T-ball and rules

Last night, I had a moment that I knew would come.  I just didn’t want it to come this soon.  My son has been playing little league T-ball for several weeks.  It has been running smoothly.  Everyone got on base.  Everyone hit and nobody got out.  Little Man understood the rules and played hard.

Yesterday, the rules changed.  The team we were playing against wanted to call outs.  Mind you this is an five and under league.  So my son made it to first base on his hit.  He knew he needed to run to second base.  He started before the ball was hit so he was sent back to first base.  The ball was hit and he didn’t run.  The other team threw the ball to second base before Little Man made it there.  The other team’s coach told him he was out and had to get off the field.  He pulled his hat over his face and slowly walked off the field.  He was crying.

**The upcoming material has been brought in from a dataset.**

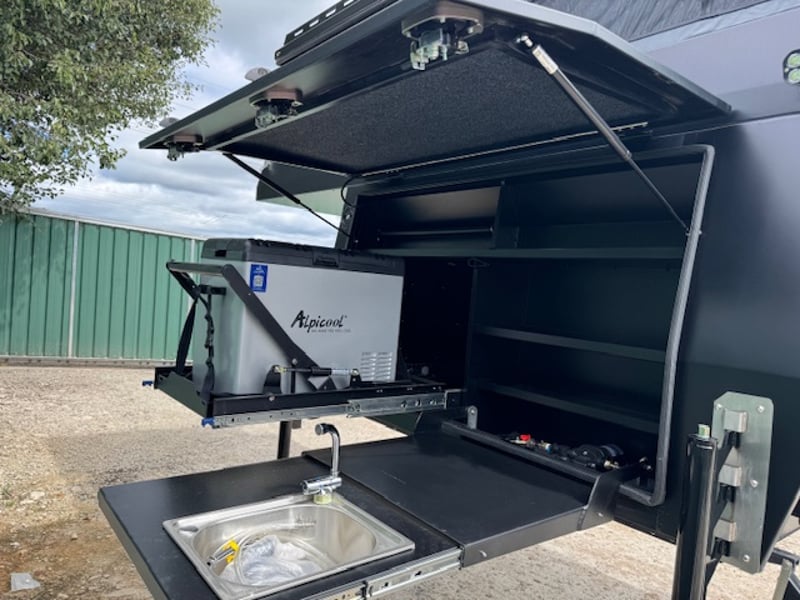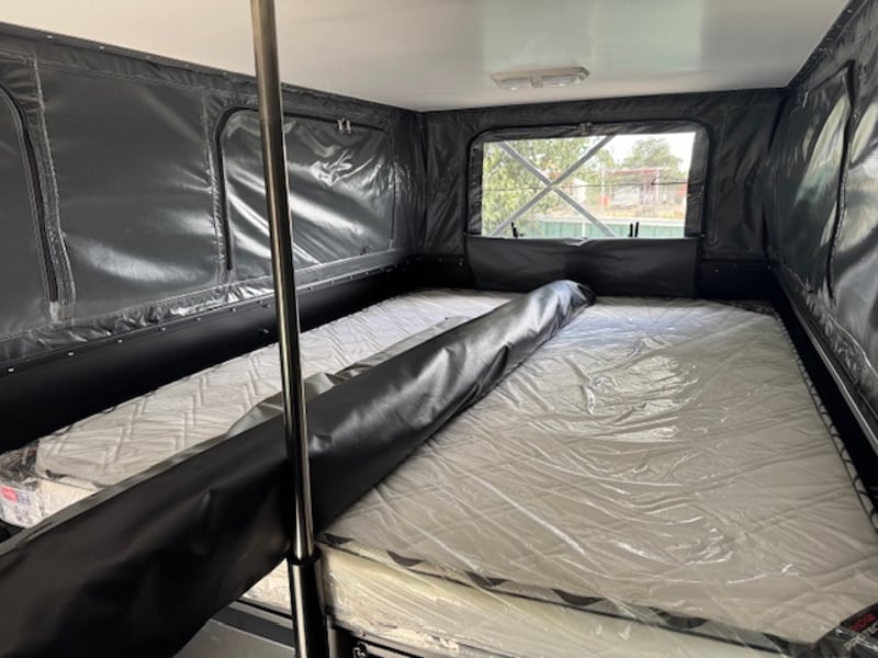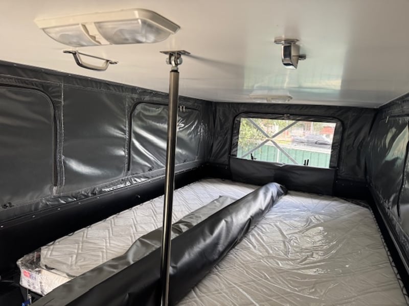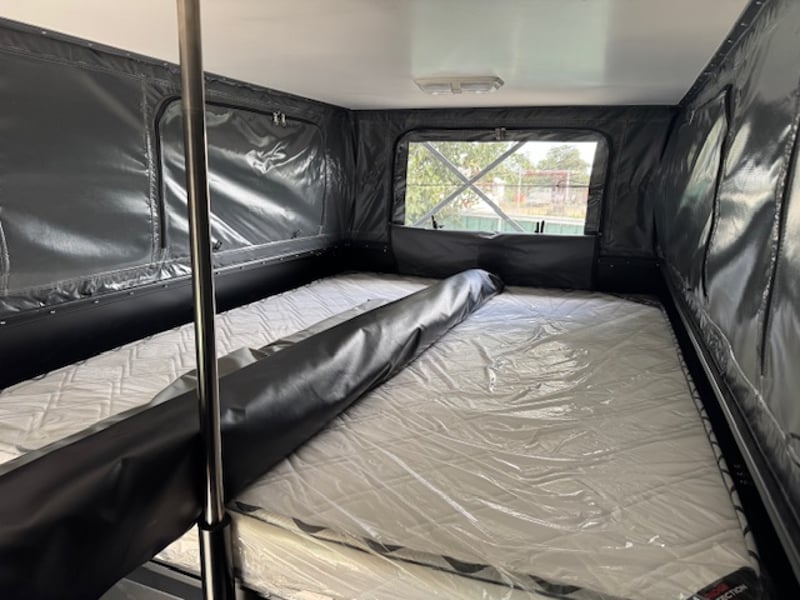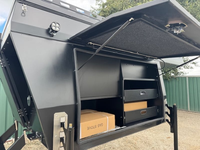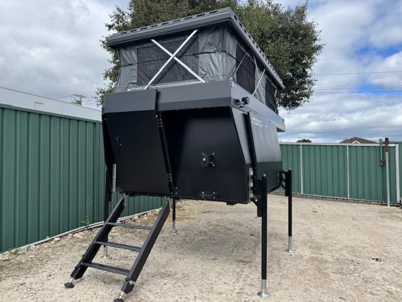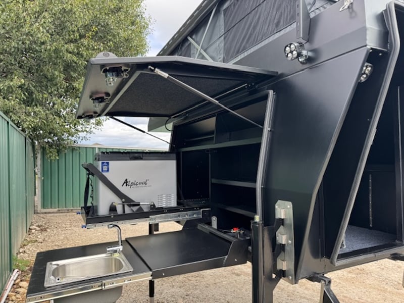 Description/Extras: Chassis: Aluminium Chassis and frame light weight, Stabilizer legs & Wheels: 4 x Adjustable legs (lifting camper) free standing, Camper Details: Simple setup, it only takes you around 90 seconds to setup the main tent, Self-supporting modern design, High Strength Aluminium Frame, Door: Entry door with locks, All doors are lockable & fully sealed to prevent water & dust ingress, Interior & Features: Stainless steel sink with fold away tap, AGA approve 4 burner gas stoves with quick connection (moveable) cook inside or outside , Wind Protector, 200 Litre food grade plastic water tank, High pressure electric water pump with quick release connector, Lighting system: 1 x LED light each side door, 2x dome lights, 3x spotlights outside body, Water system, 1x electric water pump, 1x water filter, 1 x tap, Electric system: 2x Deep Cycle Battery 100AH, 2000watt inverter 240v, 30Amp DC Battery Charger, Additional Features: 50L fridge, Aluminium ladder, Pulling and lifting fridge drawer, Portable toilet, 200w solar panel, 8L cheap water heater , Bed: 2000mm x 1500mm coil spring mattress

Good, bad or ugly.  I got out of my seat and scooped my son up and held him.  We talked that he could still play and that things like this happen.  My son got back out there when it was his turn to take the field and finished the game strong.   On the way home, he continued to ask why he had to get off of the field.  As we ate our second supper, little man and I worked through the new rules of T-ball.

Here’s what I learned:

  • Rules change.  As parents, coaches and teachers, we need to make sure every kid knows the rules.  I spent most of this past school year working with students, who did not know the rules or knew the rules, but lacked the skills necessary to follow them.  I came to realize kids want to join the game called school, but don’t know enough to be successful.  I hope the tools I equipped my kids with this year will allow them to be more successful.  When the rules suddenly change, then it is our job as parents, teachers and coaches to teach them how to handle changes.
  • Be aware of what your language actually says not what you think says.  This mamma bear did go talk to the coach of the other team.  I stayed calm, but asked her to realize that she greatly upset my son.  She apologized.  I believe that she was not trying to be mean to my son, but my son heard that he could not play anymore.  So often when we talk at children, they do not understand what was being said. Connection is key.  I don’t believe my son would have lost it if his coaches would have told him.
  • Spend the time to talk.  Yes my son went to bed late because of our conversation.  It was so worth it.  The time we talked will make him know that I value and love him.  This also has to happen in school as well.  It becomes so easy not to have the conversation about what happened and the next steps.  When we do this, it pays dividends.